Олег был в трусах, грязен, как крот, и держал в руке саперку.
– Вытри за собой. И в душ сходи, – сказал Денис, садясь в постели.
Олег замер на подоконнике.
Денис тоже не шевелился.
Как в первый день их недолгого и неудачного знакомства, двое мальчишек в одной комнате смотрели друг на друга.
Шел за окнами тропический ливень.
Денис понял, что Олег ничего не расскажет.
Тогда он встал и, не оглядываясь, вышел из комнаты.
Внизу так и лежала часть почты – не разобрали, руки не дошли. Деловую переписку мама с отцом, конечно, унесли, а это… Денис включил свет, посмотрел. Среди прочего неожиданно увидел номер обозрения «Говорит Земля!» – эта газета выходила на десяти языках по всей планете и за ее пределами, наверное, привезли из Верного, а родители и не сказали, что на нее подписались. Денис полистал страницы, выхватывая космические новости – хотелось отключиться от дождя за окнами и от того, что он не знает, с чего начинать… Глаза царапнуло —
ПЕТР ВЛАДИСЛАВОВИЧ КРАПИВИН
– и Денис поспешно вернулся к заметке.
«Капитан… исследователь и герой Космоса… один из лучших сынов человечества… после скоротечной болезни… он отдал всего себя…»

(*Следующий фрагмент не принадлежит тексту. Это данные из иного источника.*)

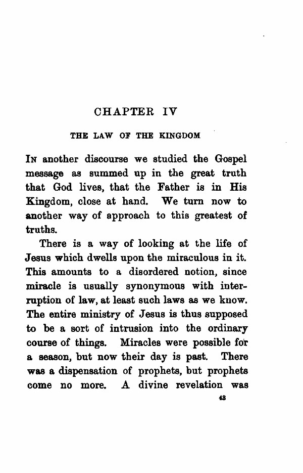 IN another discourse we studied the Gospel message as summed up in the great truth that God lives, that the Father is in His Kingdom, close at hand. We turn now to another way of approach to this greatest of truths. There is a way of looking at the life of Jesus which dwells upon the miraculous in it. This amounts to a disordered notion, since miracle is usually synonymous with interruption of law, at least such laws as we know. The entire ministry of Jesus is thus supposed to be a sort of intrusion into the ordinary course of things. Miracles were possible for a season, but now their day is past. There was a dispensation of prophets, but prophets come no more. A divine revelation was

Денис заморгал и потряс головой.
И только теперь сообразил, что заметка, которую он читал, что парадное фото над нею – все это обведено – как отчеркнуто от живого мира, от сообщений о стройке на Ганимеде, о запуске с Нептуна – жирной черной чертой.
– Он отдал всего себя, – прошептал Денис.
И вспомнил вкус мороженого в кафе. И значок, подаренный Войко – звезда на темной ладони.
А ведь он знал, что умирает, понял Денис. Знал. И отдал всего себя.
Отдал всего себя.
…Олег не спал. Он посмотрел на вошедшего Дениса (в комнате было чисто, значит – ходил… а Денис и не заметил, не услышал…). Но Третьяков-младший сейчас не думал о своем угрюмом соседе. Он просто подошел к окну. К закрытому. И встал около него.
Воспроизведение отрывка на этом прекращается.